DESCRIPTION OF THE TASK:
For this exercise, write out the full listing that follows exactly and skip its pictures.

EXERCISE DATA:
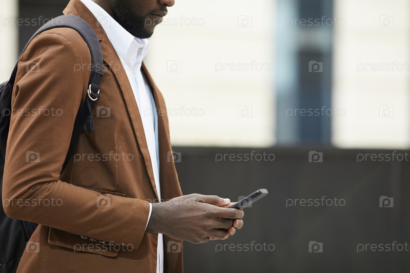 Африканский мужчина, использующий смартфон Modern Closeup
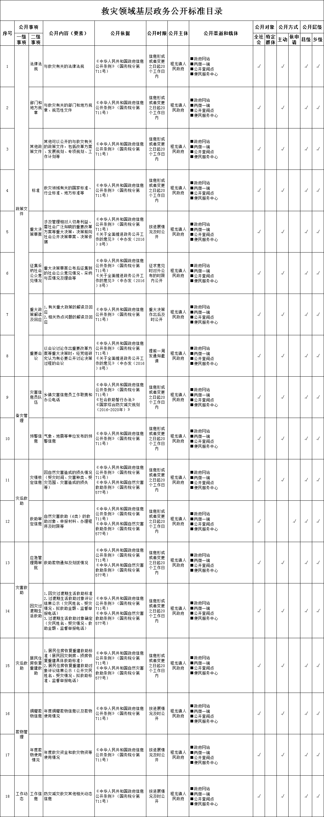 【救灾】程龙镇救灾领域基层政务公开标准目录
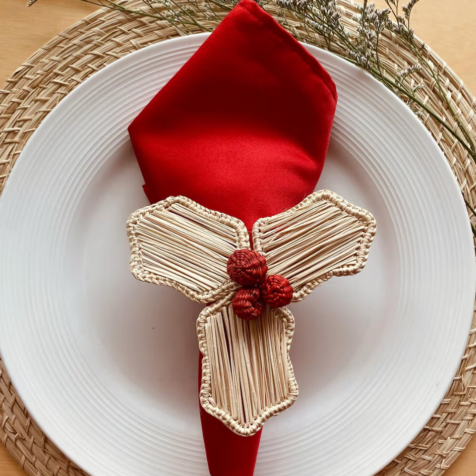 Anillo para Servilletas de Ratán Natural Tejido a Mano con Nudo Decorativo, Accesorios de Vajilla Ecológicos para Mesa de Comedor

SOLUTION TO THE PROBLEM:
 Африканский мужчина, использующий смартфон Modern Closeup
 【救灾】程龙镇救灾领域基层政务公开标准目录
 Anillo para Servilletas de Ratán Natural Tejido a Mano con Nudo Decorativo, Accesorios de Vajilla Ecológicos para Mesa de Comedor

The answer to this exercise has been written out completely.